TASK INSTRUCTIONS: Retype nothing except the lines below from the one with "DESCRIPTION:This KR favorite, made" through the one with "(QPI 4.8GT/s,L3キャッシュ8MB,Quad Core,Hyper-Threading,TDP", exactly, with images left out.

DATA TO PROCESS:
:::::

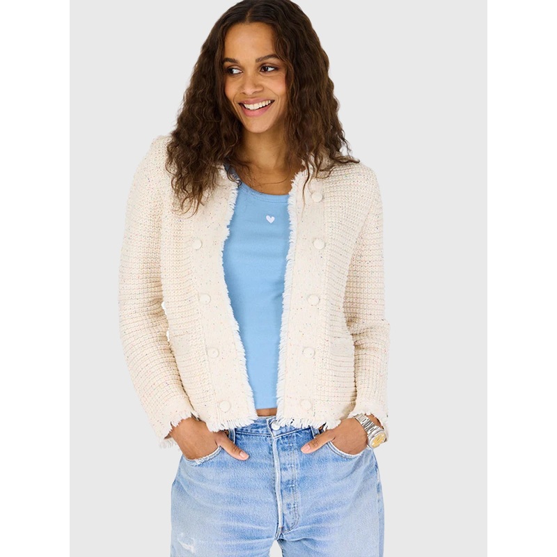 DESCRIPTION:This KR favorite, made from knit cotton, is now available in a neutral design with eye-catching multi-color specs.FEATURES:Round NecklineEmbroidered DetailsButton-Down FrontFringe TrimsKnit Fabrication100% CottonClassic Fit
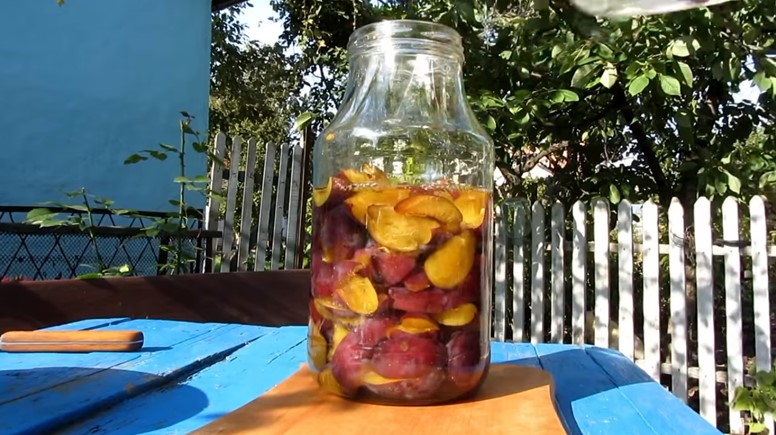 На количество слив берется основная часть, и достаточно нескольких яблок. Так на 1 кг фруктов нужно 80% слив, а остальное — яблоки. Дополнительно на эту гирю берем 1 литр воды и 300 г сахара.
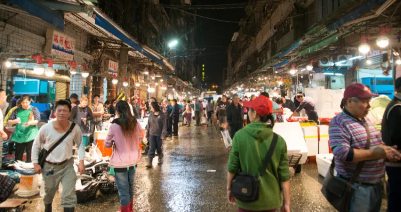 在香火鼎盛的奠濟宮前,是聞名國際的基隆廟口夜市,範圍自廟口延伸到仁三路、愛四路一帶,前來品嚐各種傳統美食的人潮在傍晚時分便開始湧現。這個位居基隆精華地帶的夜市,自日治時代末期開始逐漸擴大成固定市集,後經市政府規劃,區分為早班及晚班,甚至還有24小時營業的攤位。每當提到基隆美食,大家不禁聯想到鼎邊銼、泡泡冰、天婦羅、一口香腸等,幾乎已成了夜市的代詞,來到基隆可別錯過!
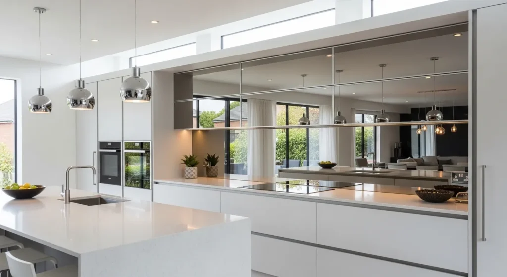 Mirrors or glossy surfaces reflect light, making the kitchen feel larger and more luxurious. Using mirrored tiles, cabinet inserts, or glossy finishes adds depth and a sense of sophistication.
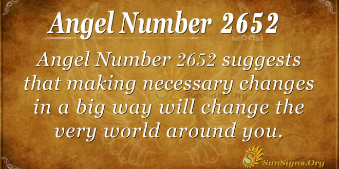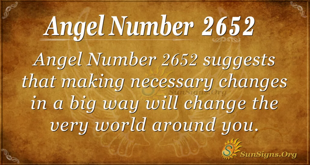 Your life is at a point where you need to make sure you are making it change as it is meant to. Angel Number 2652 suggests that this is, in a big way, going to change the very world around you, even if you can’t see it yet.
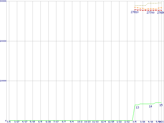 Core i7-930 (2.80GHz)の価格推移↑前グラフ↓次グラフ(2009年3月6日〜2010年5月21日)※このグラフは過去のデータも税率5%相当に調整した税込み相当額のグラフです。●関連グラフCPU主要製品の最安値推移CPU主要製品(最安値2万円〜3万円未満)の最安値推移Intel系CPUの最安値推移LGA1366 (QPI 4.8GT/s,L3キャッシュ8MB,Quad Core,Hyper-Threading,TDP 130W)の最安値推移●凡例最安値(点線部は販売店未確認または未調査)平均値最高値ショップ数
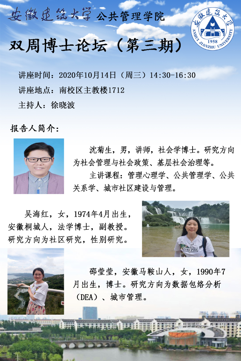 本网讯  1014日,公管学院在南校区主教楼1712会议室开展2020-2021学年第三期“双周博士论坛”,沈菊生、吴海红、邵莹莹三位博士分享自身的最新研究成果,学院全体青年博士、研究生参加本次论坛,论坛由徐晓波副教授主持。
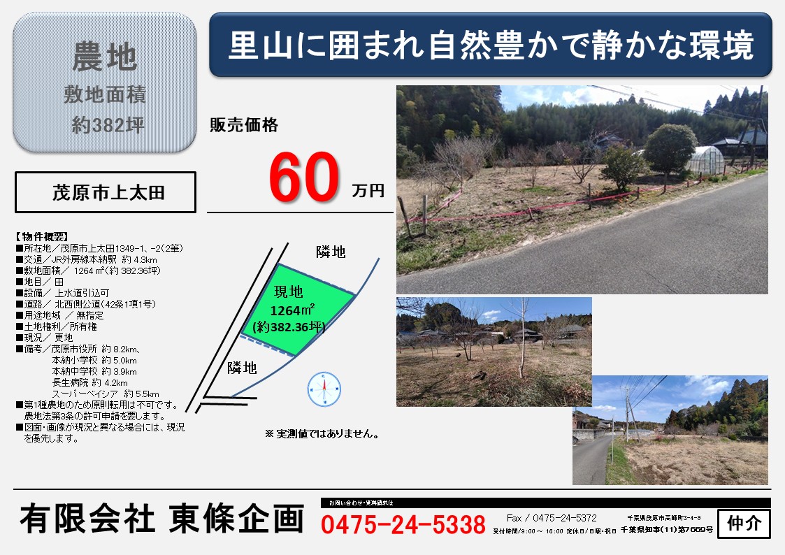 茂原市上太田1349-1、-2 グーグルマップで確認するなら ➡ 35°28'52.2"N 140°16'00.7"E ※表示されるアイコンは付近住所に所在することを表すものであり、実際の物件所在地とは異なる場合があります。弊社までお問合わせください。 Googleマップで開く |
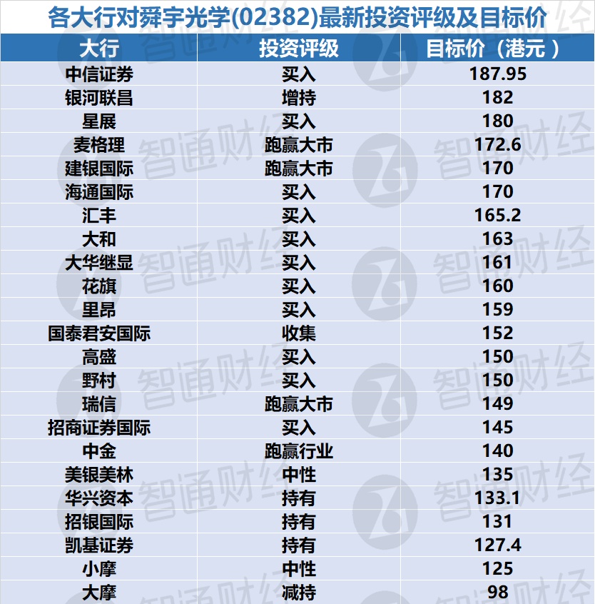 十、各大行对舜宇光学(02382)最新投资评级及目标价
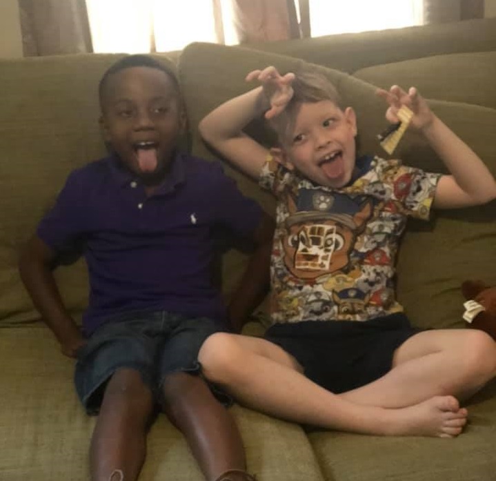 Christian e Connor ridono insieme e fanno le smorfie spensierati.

:::::

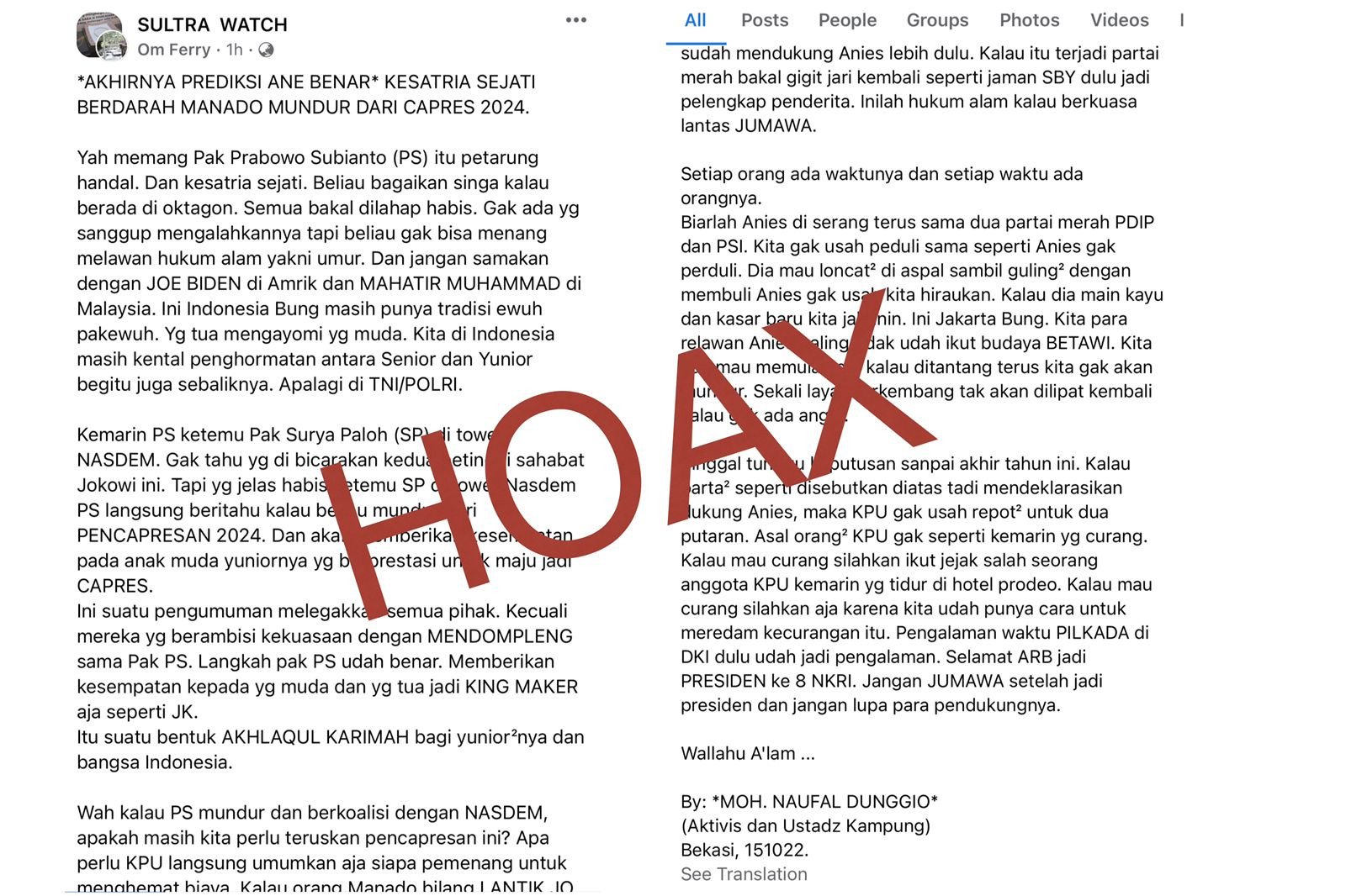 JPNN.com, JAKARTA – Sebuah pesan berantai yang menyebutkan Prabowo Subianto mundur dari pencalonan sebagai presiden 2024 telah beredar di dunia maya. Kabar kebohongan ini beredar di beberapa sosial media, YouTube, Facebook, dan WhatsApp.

:::::

ANSWER AREA:
 DESCRIPTION:This KR favorite, made from knit cotton, is now available in a neutral design with eye-catching multi-color specs.FEATURES:Round NecklineEmbroidered DetailsButton-Down FrontFringe TrimsKnit Fabrication100% CottonClassic Fit
 На количество слив берется основная часть, и достаточно нескольких яблок. Так на 1 кг фруктов нужно 80% слив, а остальное — яблоки. Дополнительно на эту гирю берем 1 литр воды и 300 г сахара.
 在香火鼎盛的奠濟宮前,是聞名國際的基隆廟口夜市,範圍自廟口延伸到仁三路、愛四路一帶,前來品嚐各種傳統美食的人潮在傍晚時分便開始湧現。這個位居基隆精華地帶的夜市,自日治時代末期開始逐漸擴大成固定市集,後經市政府規劃,區分為早班及晚班,甚至還有24小時營業的攤位。每當提到基隆美食,大家不禁聯想到鼎邊銼、泡泡冰、天婦羅、一口香腸等,幾乎已成了夜市的代詞,來到基隆可別錯過!
 Mirrors or glossy surfaces reflect light, making the kitchen feel larger and more luxurious. Using mirrored tiles, cabinet inserts, or glossy finishes adds depth and a sense of sophistication.
 Your life is at a point where you need to make sure you are making it change as it is meant to. Angel Number 2652 suggests that this is, in a big way, going to change the very world around you, even if you can’t see it yet.
 Core i7-930 (2.80GHz)の価格推移↑前グラフ↓次グラフ(2009年3月6日〜2010年5月21日)※このグラフは過去のデータも税率5%相当に調整した税込み相当額のグラフです。●関連グラフCPU主要製品の最安値推移CPU主要製品(最安値2万円〜3万円未満)の最安値推移Intel系CPUの最安値推移LGA1366 (QPI 4.8GT/s,L3キャッシュ8MB,Quad Core,Hyper-Threading,TDP 130W)の最安値推移●凡例最安値(点線部は販売店未確認または未調査)平均値最高値ショップ数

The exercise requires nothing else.